== INSTRUCTIONS TO FOLLOW ==
No pictures go into the copy. Write out exactly the lines below from the one containing "Seadek, svart gummi" through the one containing "Neatly folded white".

== EXTRACTED RECORDS ==
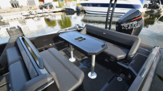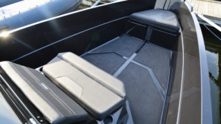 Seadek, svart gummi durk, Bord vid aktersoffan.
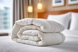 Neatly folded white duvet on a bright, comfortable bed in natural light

==

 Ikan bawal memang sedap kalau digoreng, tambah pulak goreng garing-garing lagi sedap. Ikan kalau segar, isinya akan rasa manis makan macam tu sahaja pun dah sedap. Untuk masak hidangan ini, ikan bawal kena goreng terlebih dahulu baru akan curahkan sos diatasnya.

* * *

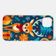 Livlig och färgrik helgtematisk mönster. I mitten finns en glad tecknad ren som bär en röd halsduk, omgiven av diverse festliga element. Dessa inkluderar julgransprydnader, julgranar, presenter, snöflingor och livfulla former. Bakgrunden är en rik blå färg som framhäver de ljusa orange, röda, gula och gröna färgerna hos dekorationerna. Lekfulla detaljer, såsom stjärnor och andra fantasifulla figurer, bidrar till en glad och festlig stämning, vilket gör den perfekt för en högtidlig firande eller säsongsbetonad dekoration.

== COMPLETED EXERCISE ==
 Seadek, svart gummi durk, Bord vid aktersoffan.
 Neatly folded white duvet on a bright, comfortable bed in natural light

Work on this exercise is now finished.